The 1/2.3 sensor size is terribly small. I find with my DJI drones, they're pretty good for broad landscapes in good light, but in golden hour or darker, it's sludgy mud. I know it's a lot to ask for a larger sensor on a drone this small, but I do hope that they think about aps-c in the refreshes of the larger ones. Getting a rig that could carry a DSLR is still pretty prohibitive.


----------



## spice5.com (Jan 22, 2018)

I have to agree with Tiggy. Shoving nearly 3X the pixels onto the same size sensor which was already REALLY bad in any kind of sub-optimal lighting doesn't sound like a recipe for better images. Google's Pixel has shown that image processing on the software side is getting pretty dang good and can make up some of the difference so I guess we'll see what the real world results are but I would have much preferred a micro four thirds sensor at 24 megapixels.


----------



## honestlo (Jan 23, 2018)

andrei1989 said:


> i'm a bit frustrated tbh...i just got the spark for christmas..i don't use it for video but i like the photos that come out of its 12MP camera - super detailed, i was impressed - and now this comes out with 32 juicy megapixels!!! hopefully also raw shooting...maybe i'll make the switch sometime in summer..



32MP is the resolution in panaroma mode and I think the sensor is about 12MP only.


----------



## jolyonralph (Jan 23, 2018)

The sensor is only 12mp in the new mavic air.


----------



## andrei1989 (Jan 23, 2018)

yes, true, it's still 12mp...this wasn't mentioned in the original rumor

this takes 25 photos to make a 32mp panorama but...the spark takes 21 in panorama mode..and in LR i created a 60mp photo (11549x5281)


----------



## Chaitanya (Jan 23, 2018)

Drone has been announced:
https://photorumors.com/2018/01/23/dji-mavic-air-compact-drone-announced/#more-94669


----------



## Ladislav (Jan 23, 2018)

spice5.com said:


> I have to agree with Tiggy. Shoving nearly 3X the pixels onto the same size sensor which was already REALLY bad in any kind of sub-optimal lighting doesn't sound like a recipe for better images. Google's Pixel has shown that image processing on the software side is getting pretty dang good and can make up some of the difference so I guess we'll see what the real world results are but I would have much preferred a micro four thirds sensor at 24 megapixels.

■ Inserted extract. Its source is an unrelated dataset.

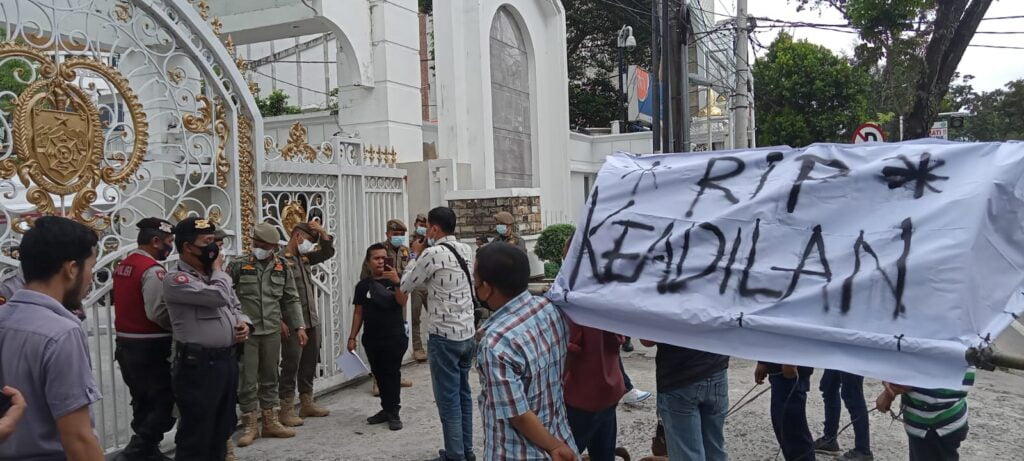 Sementara itu, puluhan masyarakat dan mahasiswa beranjak dari kantor Gubsu dan mengarah ke Kantor Kejatisu untuk menggelar aksi demo. (Rel/Dea)

Bigger sensor means bigger camera and lens. That all affects size of the drone and the cost. DJI has micro four thirds setup in Zenmuse camera which can be mounted only to Inspire drones. Be ready to pay ten+ grands for that.

I would be happy with 1" camera from Phantom 4 Pro. Mavic Air isn't product I was hoping for so the waiting continues.


----------



## KeithBreazeal (Jan 23, 2018)

I guess I was somewhat close. LOL
From the initial teaser thread: "Key words- insignificant size
My best guess is it will be 4 inches folded. Truly palm size and totally integrated with all the stellar nav and collision avoidance. Maneuvering level- Bat."


----------